At the October 1, 2001 hearing, Harris argued its activities in conjunction with the CECOM contract amounted to an "experimental use" of the `732 technologies, negating any on-sale bar. The Court granted Ericsson's Motion on this claim, finding that the "experimental use" exception to the on-sale bar was not applicable to the facts of this case.

The critical date for the `732 patent is April 17, 1983, one year prior to the filing of the `732 patent application. The CECOM contract was entered into on September 29, 1982, months prior to the critical date. Under the contract, Harris agreed to sell to the U.S. Army an HF (CECOM) Modem and to fabricate and test two breadboard modems, for $204,850.00. Ericsson contends the CECOM modem contained the inventions set forth in claims 1, 3, 39, and 49 of the `732 patent

CECOM issued a SOW on December 29, 1981 — several months before the date of conception of the `732 patent — detailing the technology to be developed under the contract. In particular, the SOW for the CECOM contract required the delivery of "working, breadboard modems of the modem using construction techniques that will permit the units to withstand normal bench handling and moderate amount of movement in a laboratory environment." The contract provided for "[services, facilities and materials for a period of twelve (12) months to investigate and design a High Frequency (HF) Modem, and to fabricate and test two (2) breadboard modems." In response to the SOW, Harris, in July 1982, submitted the now missing Technical Proposal. As described above, at the hearing, Harris relied on CECOM 1983 Quarterly Reports to support its contention that it did not make a decision to include `732 techniques in the CECOM modem until, at the earliest, the period corresponding to the October 1983 Quarterly Report. The January 1983 Quarterly Report discusses "changes" being made from the proposal baseline "which [will] result in a more robust algorithm," but stated that "algorithms determining final PN alignment ha[d] not yet been determined." In a sworn affidavit, LeFever likewise stated that "[a]t the time of the January 1983 Quarterly Report, the final algorithms to be used for each [PN algorithm] had not been determined." Harris argues this raises doubt on whether it had made a decision before the critical date as to how to accomplish synchronization between the "initial" and "final" PN alignments. The October 1983 Quarterly Report contains the first discussion of a "frame," the interleaved PN sequence, as opposed to the conventional initialization sequence or preamble. Further, the October 1983 Quarterly Report arguably represents that the `732 technique constituted a change from what was in the Technical Proposal: "[a]cquisition for these rates is a modification of that presented in the proposal." Directly following this "modification" language is discussion of the new synchronization process ultimately found in the `732.
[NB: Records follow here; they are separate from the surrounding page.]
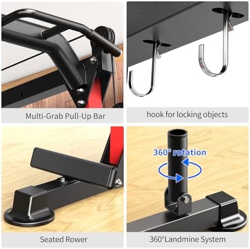 L02 power cage, equipped with a 360-degree adjustable Landmine Attachment, has a squat rack and the functions of single parallel bars and barbells and pull-ups and cable crossing systems to help you work out your whole body, it can help you do a full body workout at home, sculpting the muscles of the arms, shoulders, back, hips, chest and abdomen.
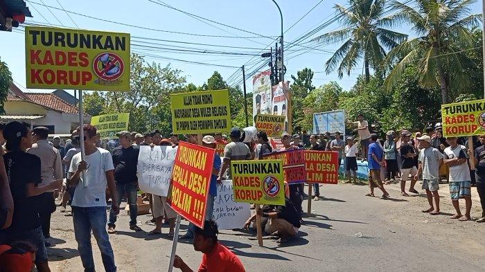 Ratusan warga Desa Wuled, Kecamatan Tirto, Kabupaten Pekalongan, Jawa Tengah menggeruduk balai desa setempat, Rabu (18/9/2024).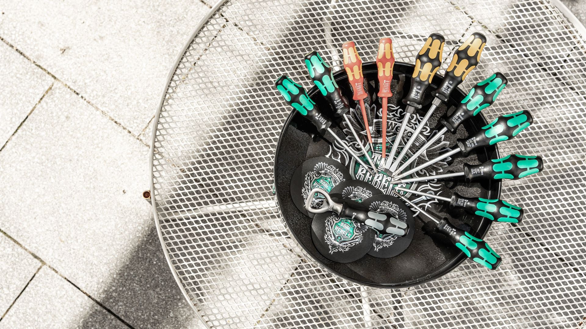 Of course, two things should not be missing from a party set from Wera: Firstly, the mandatory bottle opener. We have included our Wera bottle opener in Tool Rebel design in this set. Secondly, of course, the actual tools must not be missing! We have made a careful selection and you will enjoy the ergonomic Wera Kraftform handles.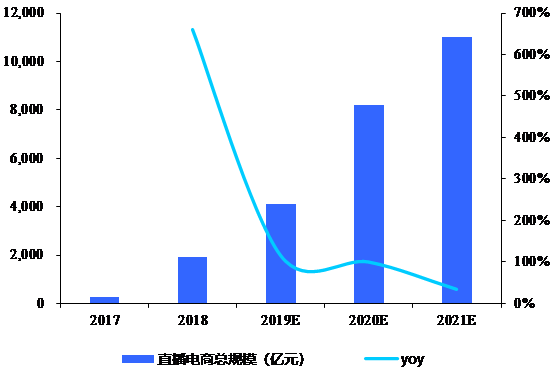▼ 直播电商崛起,2019总规模预期突破4400亿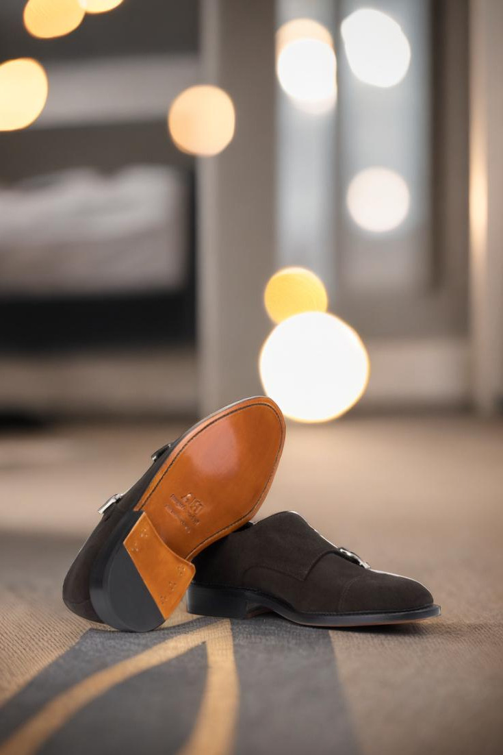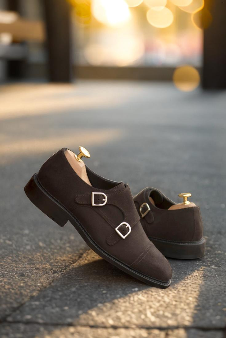 Feast your eyes on the dark brown luxe suede that covers the toe cap, vamp, inner quarter, outer quarter, and back. Its velvety texture adds a touch of opulence to your ensemble, leaving onlookers in awe. But the beauty doesn’t stop there. The rounded nickel buckles bring a modern twist to this classic design, elevating your fashion game to unprecedented heights.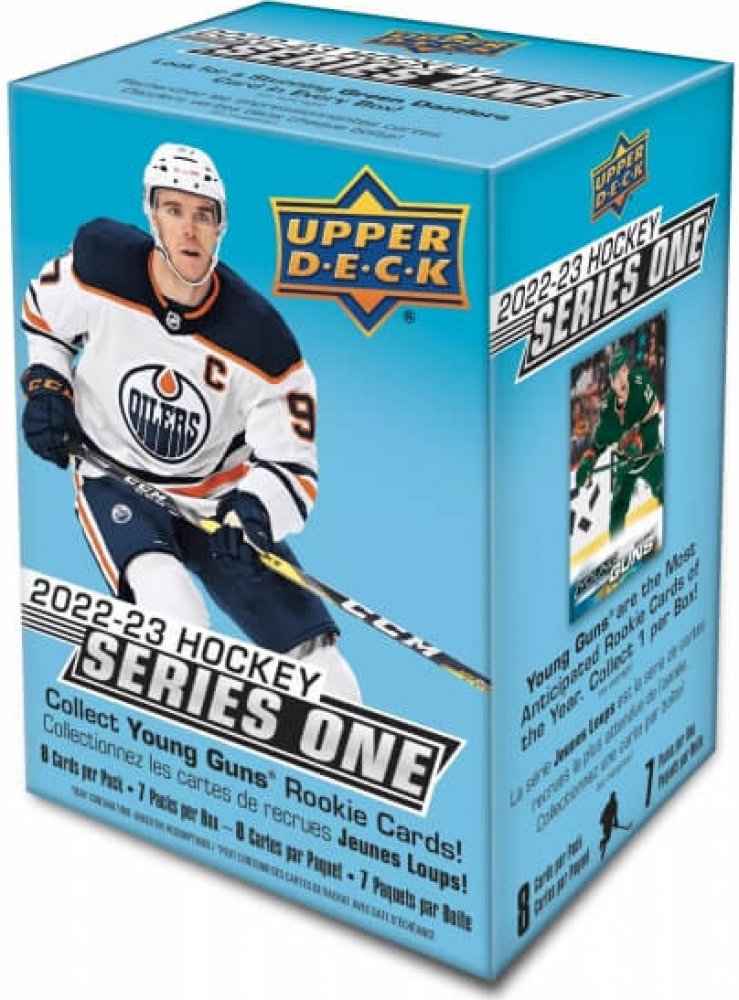 2022-2023 NHL Upper Deck Series One Blaster box obsahuje 7 balíčků po 8 kartách. Blaster obsahuje cennější karty než retail, či gravity feed.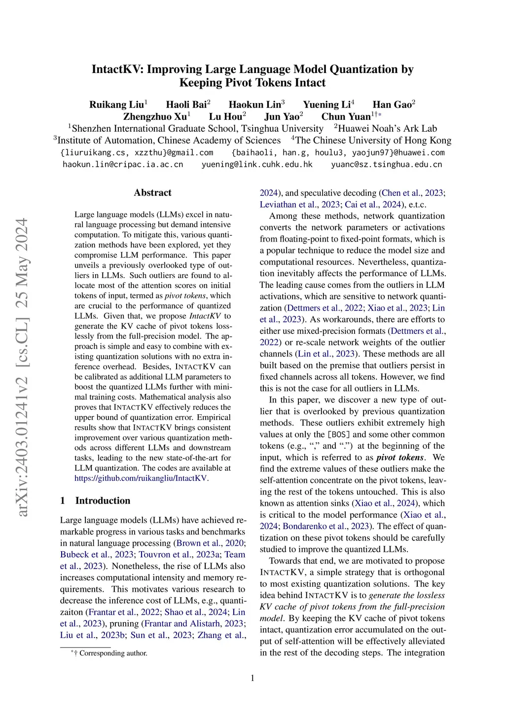 Large language models (LLMs) excel in natural language processing but demand intensive computation. To mitigate this, various quantization methods have been explored, yet they compromise LLM performance. This paper unveils a previously overlooked type of outliers in LLMs. Such outliers are found to allocate most of the attention scores on initial tokens of input, termed as pivot tokens, which are crucial to the performance of quantized LLMs. Given that, we propose IntactKV to generate the KV cache of pivot tokens losslessly from the full-precision model. The approach is simple and easy to combine with existing quantization solutions with no extra inference overhead. Besides, IntactKV can be calibrated as additional LLM parameters to boost the quantized LLMs further with minimal training costs. Mathematical analysis also proves that IntactKV effectively reduces the upper bound of quantization error. Empirical results show that IntactKV brings consistent improvement over various quantization methods across different LLMs and downstream tasks, leading to the new state-of-the-art for LLM quantization. The codes are available at https://github.com/ruikangliu/IntactKV.

As further evidence of the fluidity of the contract, Harris asserts that the synchronization technique implemented in the delivered CECOM modem was different from that described in the October 1983 Quarterly Report in that "design decisions obviated the need for any `initial' synchronization step, and instead, the `732 technique of sync on data only was implemented."

The standard used in determining whether Harris offered to sell the invention is whether the evidence objectively indicates that Harris offered or sold a product embodying the invention. Established concepts of contract law should be employed to determine whether a sale or offer to sell has taken place for on-sale bar purposes. An offer or sale can exist even though details of the invention are not disclosed in the offer or sale. Harris argues it developed the technology in the course of performing obligations under the contract. The fact that the modem actually delivered pursuant to the contract included the `732 invention is strong evidence that the offer for sale included the invention. The CECOM SOW was directed at the very type of modem — the HF Modem — Harris was working on during the relevant time frame for the development of the `732 invention.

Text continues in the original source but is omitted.